Dataset records:
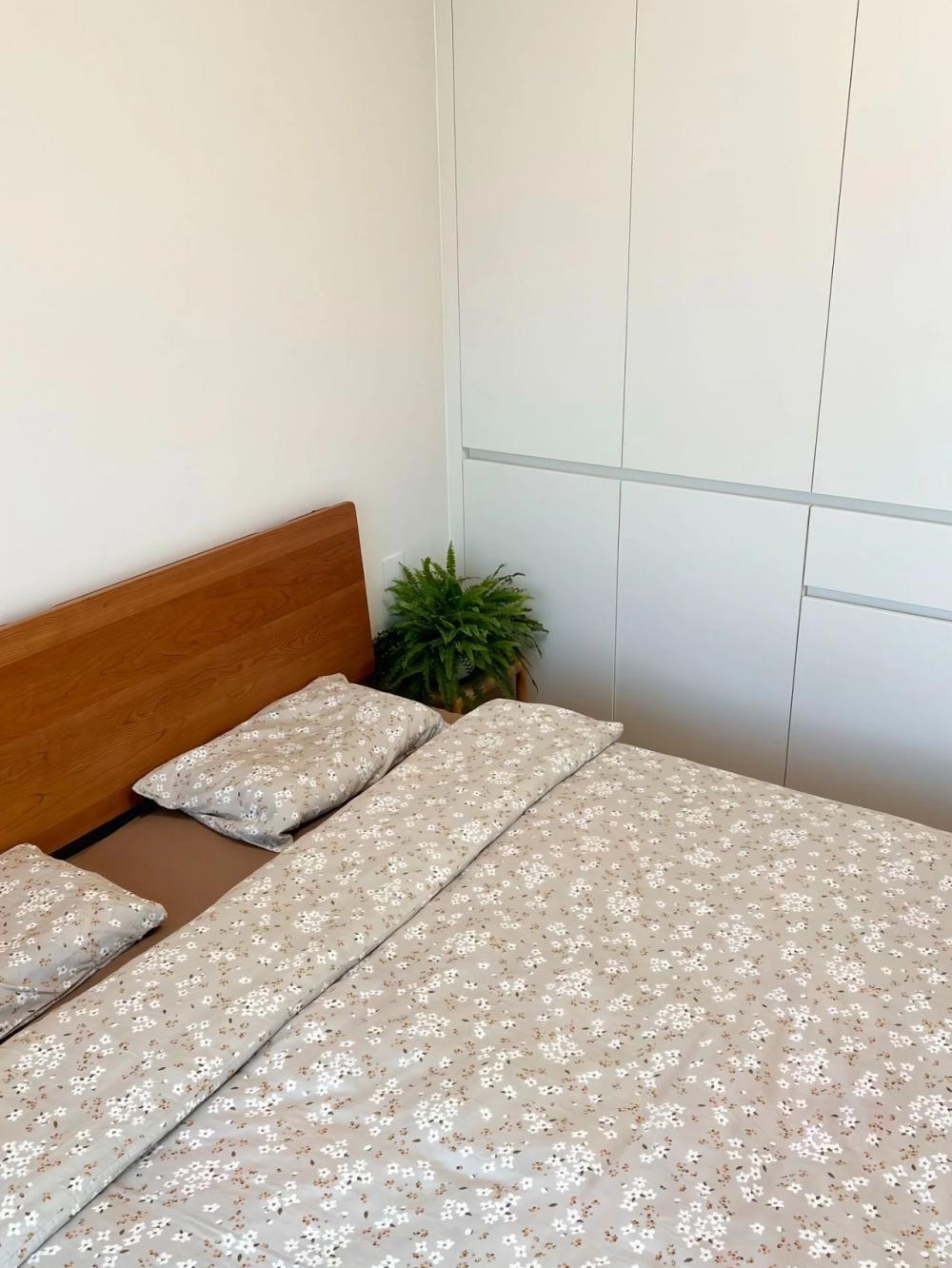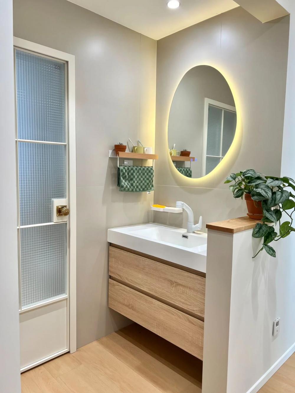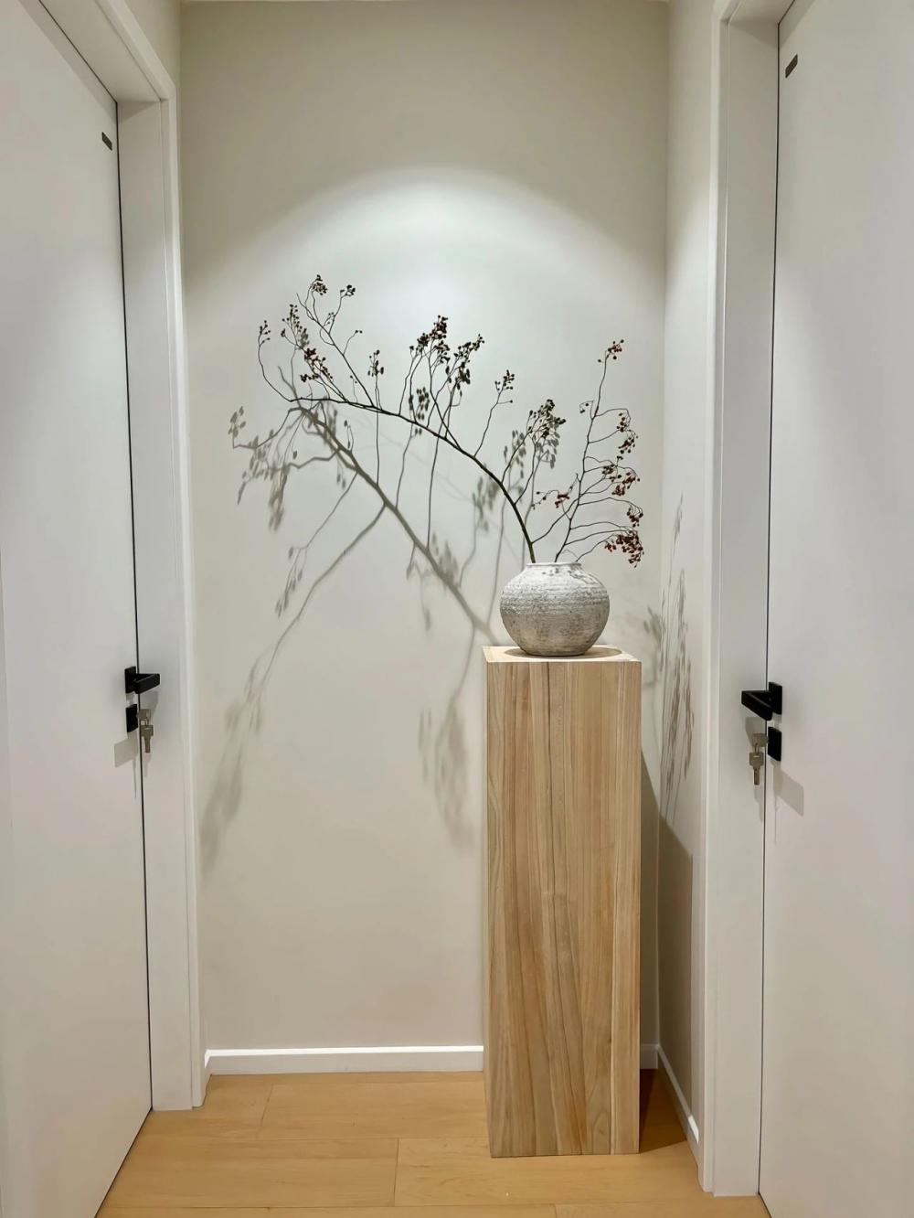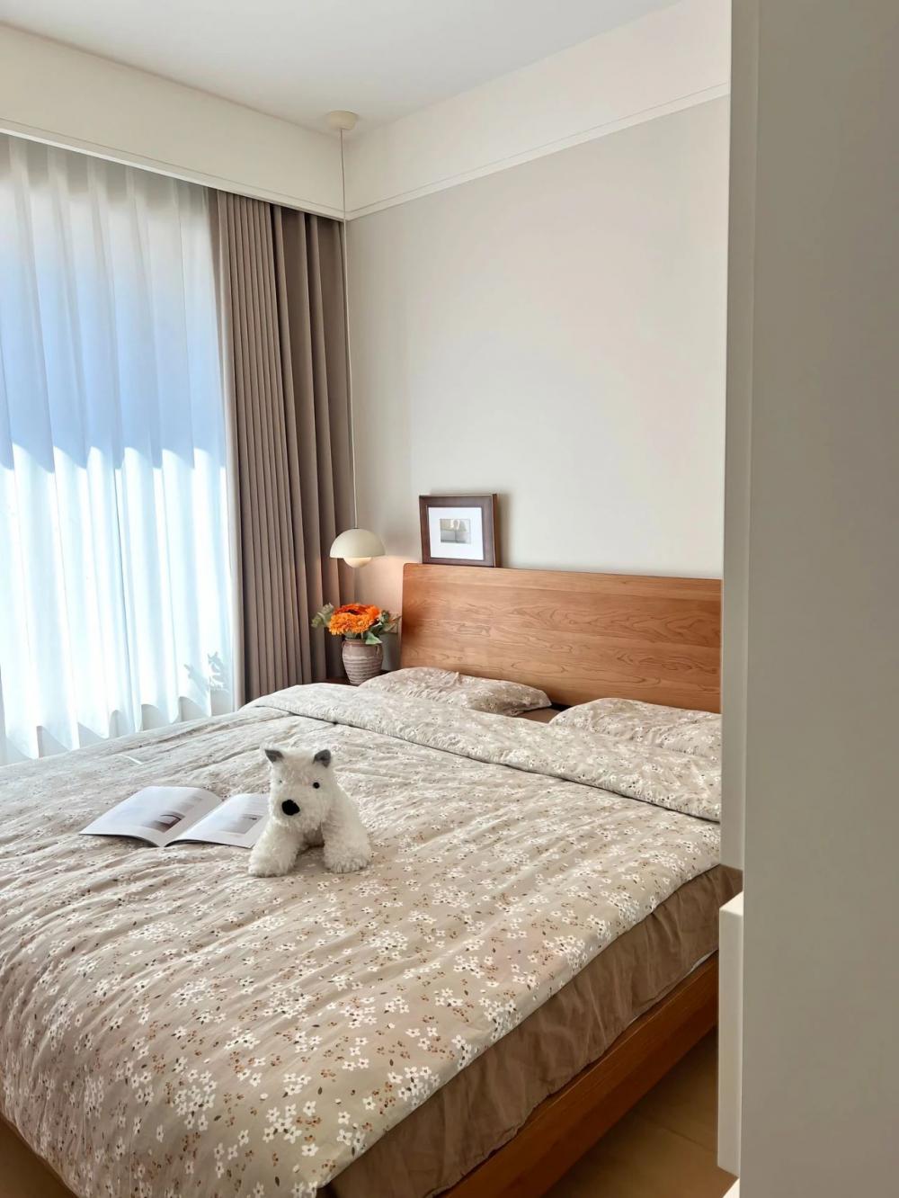▶这个小家建筑面积126平,套内97平,三室两厅两卫。 ▶客厅开间3.55米,沙发宽1米,75寸电视配上伸缩支架做到与柜门齐平。 ▶全屋通铺20x120cm 奶油橡木色木纹砖,哑光微肌理,非常有木地板的质感,369错缝贴,无过门石;全屋通刷杏子灰,灰调中带点绿色很高级,很适合原木风。 ▶做了5米满墙电视柜,美观又实用,杂七杂八的东西往柜子里一塞,没有随处可见的杂物,真的很省心;柜子深度40cm,柜门是哑光暖白双饰面板,无拉手设计,反弹器按压开门,层板是活动的,可以根据不同物品调节高度。电视柜留开放格,不然会显得压抑。 ▶阳台,窗户都没有做门套,刷乳胶漆收边,简约还好看;在阳台位置留出来一排书柜,躺在摇椅上看书很惬意。 ▶全屋柜子以暖白色为主,做见光板封板,只露出部分原木色,原木色太多的话容易装成出租屋;全屋家具以樱桃木为主,偏红调,很有质感不显廉价。 ▶走廊尽头的玄关用几个木板打造了一个木墩,既能储物,也能放个花瓶,插几支山归来,妥妥的氛围感拉满。 ▶半墙的干湿分离卫生间,既满足了实用性,又让小家平平无奇的走廊变得不再单调。半墙贴了瓷砖,洗手间是用水比较多的地方,贴瓷砖就更好打理一些,不怕溅水。下水管道做成墙排,好打理,下边还能拿来放盆或小凳子。在改水电的时候就留出线,安装智能镜柜。卫生间的门做单包套,简洁美观还省钱。 ▶11平小卧室,太好睡了。 没有复杂的装修,简单做了一圈双眼皮吊顶,墙面通刷杏子灰乳胶漆,顶部留的白色,通铺的369步步高木纹砖,奶茶色的窗帘。夕阳西下,影子映射到房间里,一切都是刚刚好的感觉!忙碌一天回到这样的小房间,睡上一觉,真是无比放松、惬意! ▶入户定制了洞洞板。
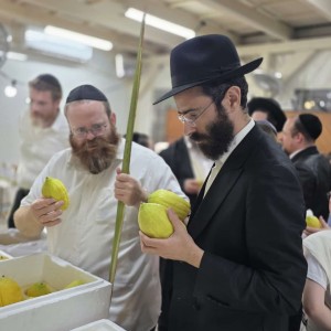 מהדר במצווה: רב קהילת חב"ד ברמת בית שמש ג' - הרב אליהו גלוכובסקי, רוכש ארבעת המינים לקראת חג הסוכות, יחד עם שליח הרבי הרב בנימין מנדלסון
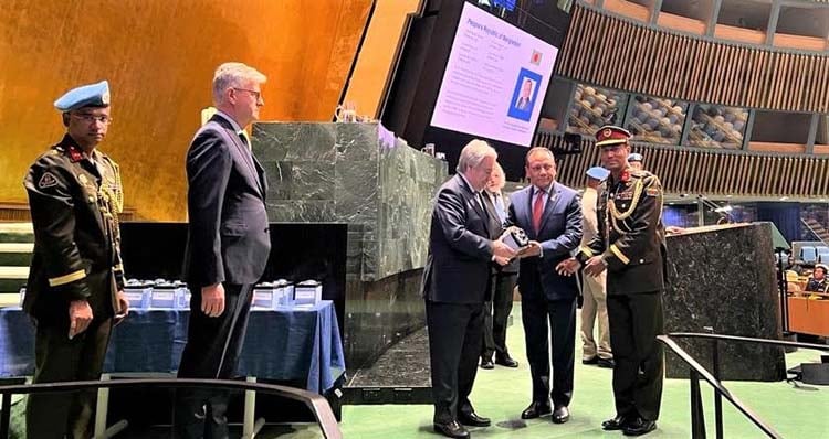 বৃহস্পতিবার জাতিসংঘ সদর দপ্তরে এ উপলক্ষে আয়োজিত এক অনুষ্ঠানে জাতিসংঘ মহাসচিব আন্তোনিও গুতেরেজের কাছ থেকে বাংলাদেশের পক্ষে এ মেডেল গ্রহণ করেন জাতিসংঘে নিযুক্ত বাংলাদেশের স্থায়ী প্রতিনিধি রাষ্ট্রদূত মোহাম্মদ আব্দুল মুহিত।
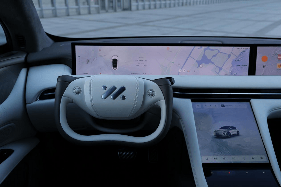 智己LS7定位于中大型SUV,采用家族化設(shè)計(jì)語言,軸距可達(dá)3060mm,在大五座的布局之下,能夠?yàn)橛脩籼峁挸ǘ朱`活的后排乘坐空間。與此同時(shí),這款車還采用了超大尺寸的前擋風(fēng)玻璃以及相當(dāng)個(gè)性的半幅式方向盤,三聯(lián)屏設(shè)計(jì)的大屏也有比較強(qiáng)的科技感。
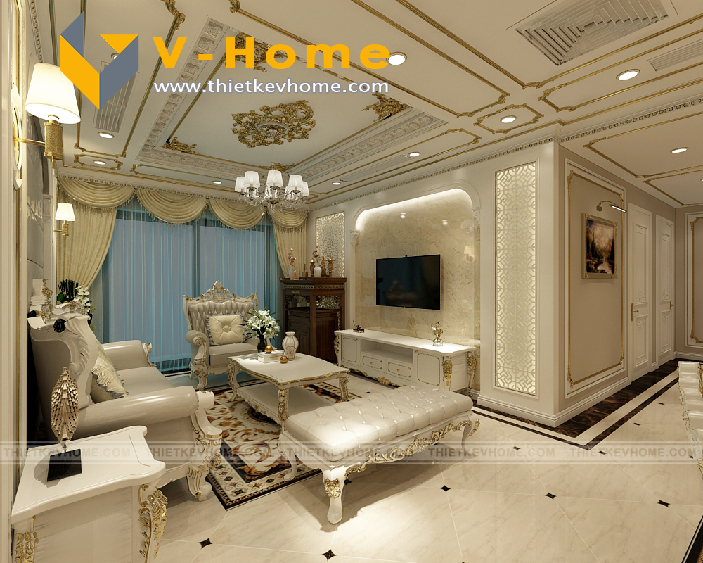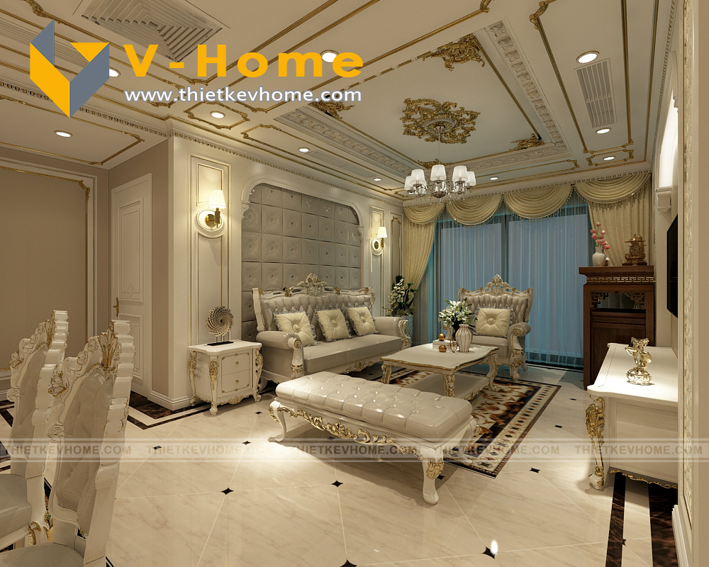 Với những đường nét thiết kế tinh xảo, tỉ mỉ đến từng chi tiết, thêm chút nhấn nhá của sắc vàng kim, không gian nội thất thực sự trở thành một nơi đáng sống, đáng mơ ước. Thiết kế phòng khách tân cổ điển với bộ sofa nguy nga, đồ sộ và tráng lệ chiếm lĩnh trung tâm. Vẻ đẹp của nội thất tỏa ra khắp không gian từ sàn nhà, tường và trần nhà, tất cả đều mang đến vẻ đẹp diễm lệ cho căn hộ chung cư 2 phòng ngủ này.
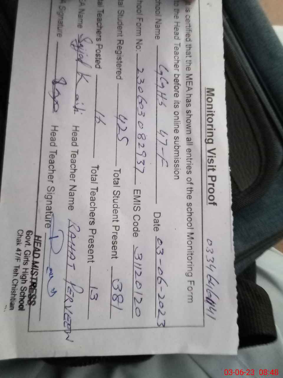 | EMIS Code: 31120120 | Name of School: GGHS CHAK NO. 47/F | |||
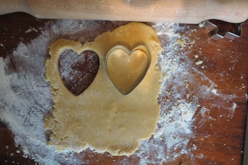 7. Take a cookie cutter and cut out different shapes. Gather up the scraps and mould them into a ball to roll out again. Once you have used the first ball of dough up get the second one out to use.
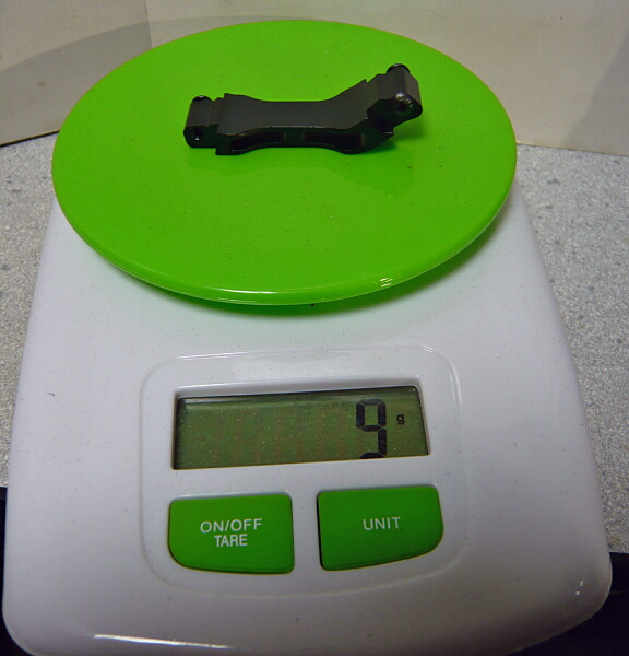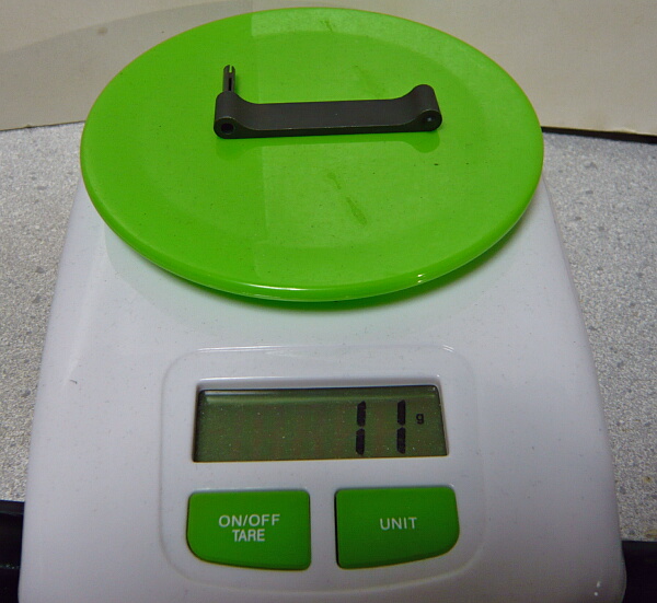 付属の金属製は多分亜鉛合金製で28gあるのに対し、この樹脂製のものはたった6g。
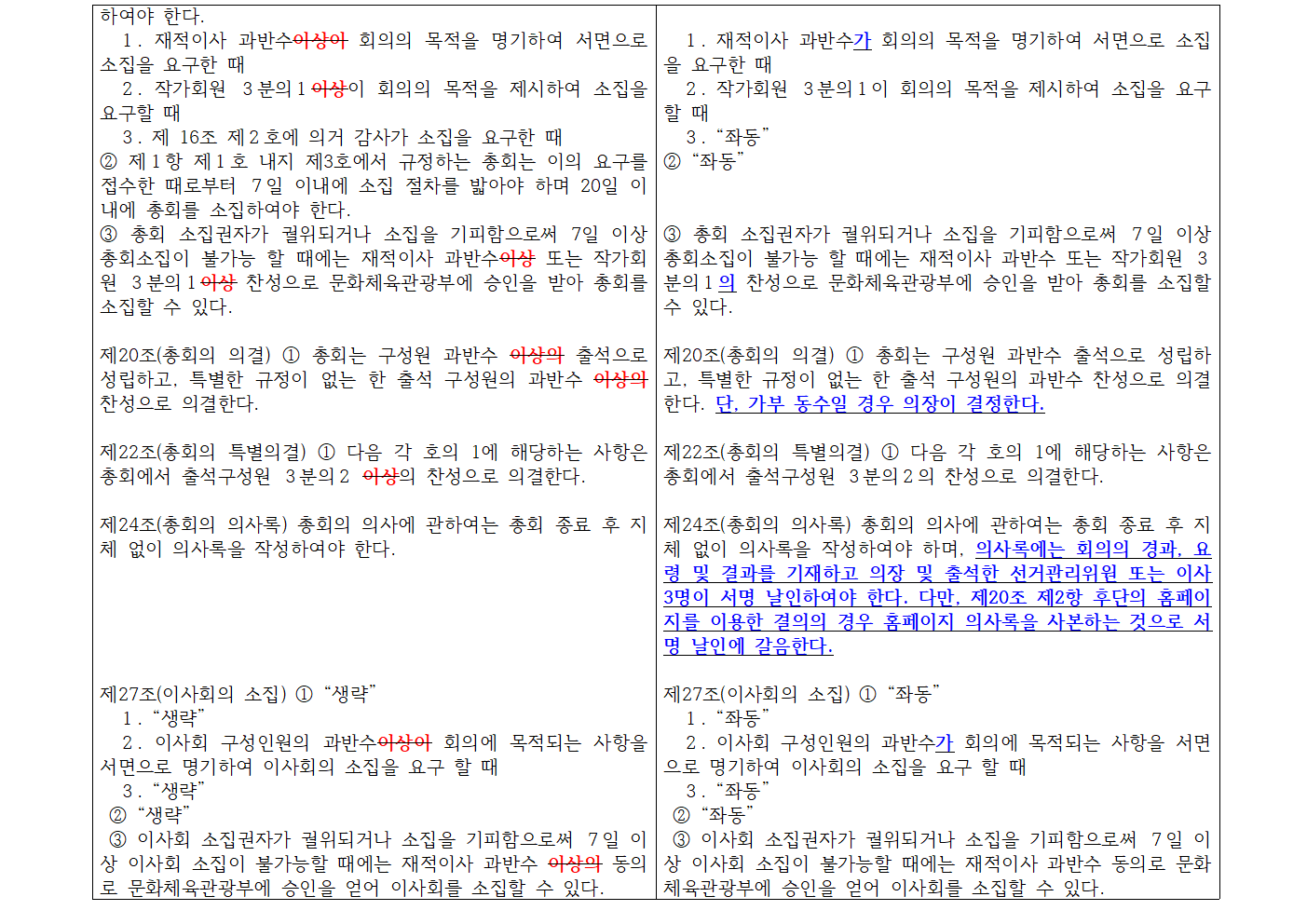 ⦁주문 : 대의원 59명중 39명 출석하고, 출석이사 전원 찬성으로 안건 제1호 정관개정(안)은 원안대로 문화체육관광부에 개정을 요청하기로 의결함

*PROBLEM DESCRIPTION*.
Excluding the pictures, retype the line containing "Với những đường" and all lines after it down to the end of the data above.

*RESPONSE TO THIS EXERCISE*.
 Với những đường nét thiết kế tinh xảo, tỉ mỉ đến từng chi tiết, thêm chút nhấn nhá của sắc vàng kim, không gian nội thất thực sự trở thành một nơi đáng sống, đáng mơ ước. Thiết kế phòng khách tân cổ điển với bộ sofa nguy nga, đồ sộ và tráng lệ chiếm lĩnh trung tâm. Vẻ đẹp của nội thất tỏa ra khắp không gian từ sàn nhà, tường và trần nhà, tất cả đều mang đến vẻ đẹp diễm lệ cho căn hộ chung cư 2 phòng ngủ này.
 | EMIS Code: 31120120 | Name of School: GGHS CHAK NO. 47/F | |||
 7. Take a cookie cutter and cut out different shapes. Gather up the scraps and mould them into a ball to roll out again. Once you have used the first ball of dough up get the second one out to use.
 付属の金属製は多分亜鉛合金製で28gあるのに対し、この樹脂製のものはたった6g。
 ⦁주문 : 대의원 59명중 39명 출석하고, 출석이사 전원 찬성으로 안건 제1호 정관개정(안)은 원안대로 문화체육관광부에 개정을 요청하기로 의결함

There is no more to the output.